The navigational grid is a three-dimensional array that contains only dynamic GUI control objects that can receive focus. Each of these "dynamic" objects must have a unique identifier (for example, IDC_HOME), which will allow the window to determine which object needs to receive the incoming message.
The navigational grid can be thought of as a group of tables, where each table represents a window, as shown in Figure 4. These tables are arranged in the same order as the window IDs, allowing window navigation through use of the window ID index. Locations in the three-dimensional array that don't receives focus are assigned as shown in Listing 5.
A control object unique identifier can occupy more than a single entry in the navigational grid. This is helpful when you want to place focus on an object whenever the user presses the left arrow key, no matter what objects in the window already have focus. This occurs with the Home window. When the user presses the left arrow key, the focus returns to the IDC_HOME control object regardless of whether the focus is on IDC_KEY_7, IDC_KEY_4, IDC_KEY_1, or IDC_KEY_0. The tFocus structure holds the focus position of the navigational grid.
Besides the row and column positions being updated when the user moves, the window position also needs to be updated. This typically occurs in the child window procedure. Inside the child window Activate member function, the parent window'S unique identifier is modified.
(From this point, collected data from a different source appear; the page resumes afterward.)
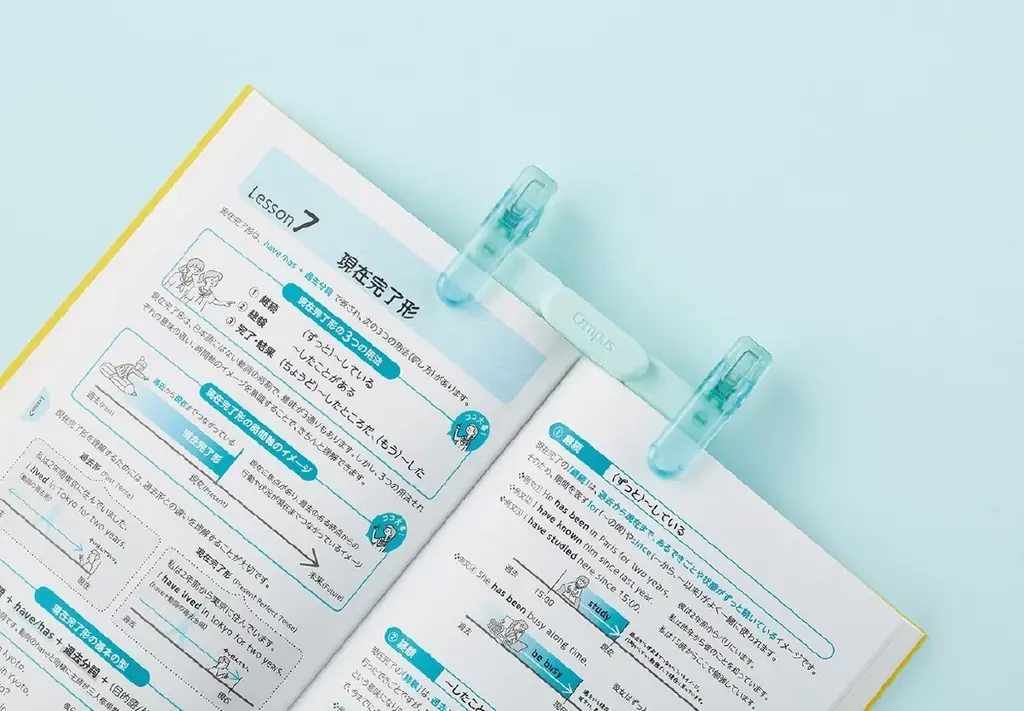 - コクヨ キャンパス ペンのように持ち運べる ブッククリップ: ペン型に畳めるブッククリップ。左右のクリップが独立して動くため異なる厚さにフィット。価格本体498円(税込547.80円※3)。カラーはグリーン、パープル。
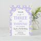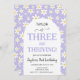THREE and Thriving Purple Daisy 3rd Birthday Invitation
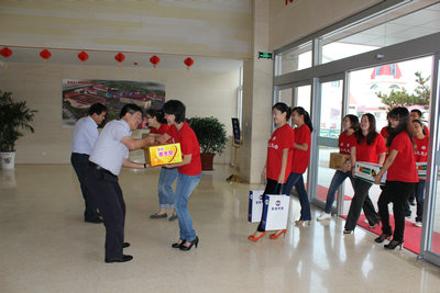 2012年9月27日下午,聯(lián)橋集團(tuán)愛心媽媽志愿者團(tuán)隊在集團(tuán)黨委副書記宋威麗的帶領(lǐng)下,前往威海兒童福利院,給孩子們送去150箱愛心水果和一些生活用品,送去了節(jié)日的問候和深切的關(guān)愛。威海市兒童福利院江海剛院長熱情接待了志愿者們。
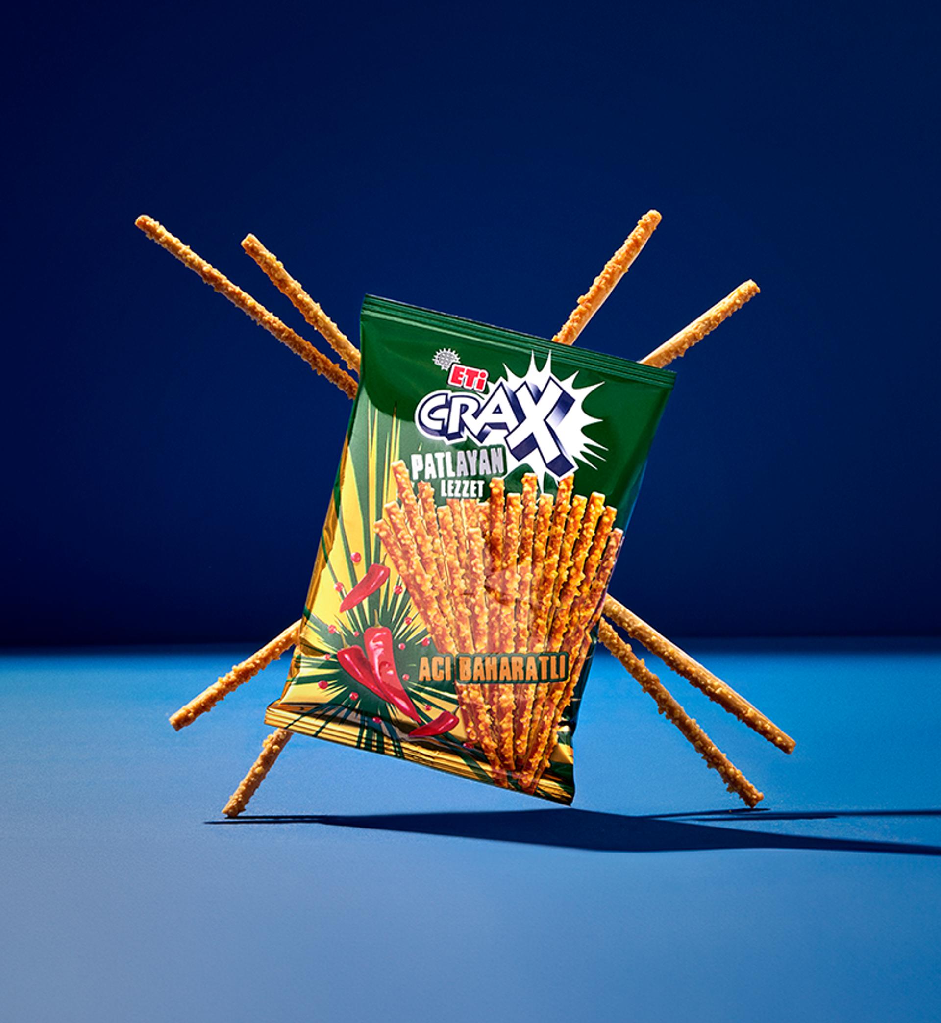 Eğlenceyi de lezzetti de patlatan ETİ Crax Patlayan Lezzet Acı Baharatlı! Üzerinde bulunan çıtır parçacıklar ve yoğun lezzeti sayesinde atıştırmak çok daha keyifli. Hadi durma, eğlenceyi Crax'la!

For instance, in the mWndHomeActivate member function, the IDC_HOME is placed in the switch statement, as shown in the Listing 6 code fragment.
It is here that the Home window is first deactivated restoring the window appearance. Window index is then assigned to the window focus position (tFocus.pos). A paint call is then made to the parent window, placing focus on the Home button.
Window routing procedure
The Activate and Deactivate member functions follow a specific code procedure, which I call window routing steps. Both of these member functions have two or three routing steps, as shown in Table 3.
Table 3: The window routing steps
|Window routing steps||Activate member function||Deactivate member function|
Window painting only applies to Activate member functions. If we want to either paint the window for the first time or repaint the window due to some dynamic changes to the window appearance, all we need to do is to set the m_bDirty flag to TRUE and call Activate for that window. After the window is painted, focus needs to be placed on the active control, which will be dealt with in the next step.
If a message is sent to a window, the first course of action to perform, besides possibly painting the window, is to check if one of the window objects contains the focus object. This is based on the focus position within the navigational grid. If one of the control objects has focus, its switch statements would handle this message. The objective in the Activate member function is to orchestrate the different behaviors of the application, which could range from updating the window appearance to calling other tasks, which, in turn, could cause other behavioral changes.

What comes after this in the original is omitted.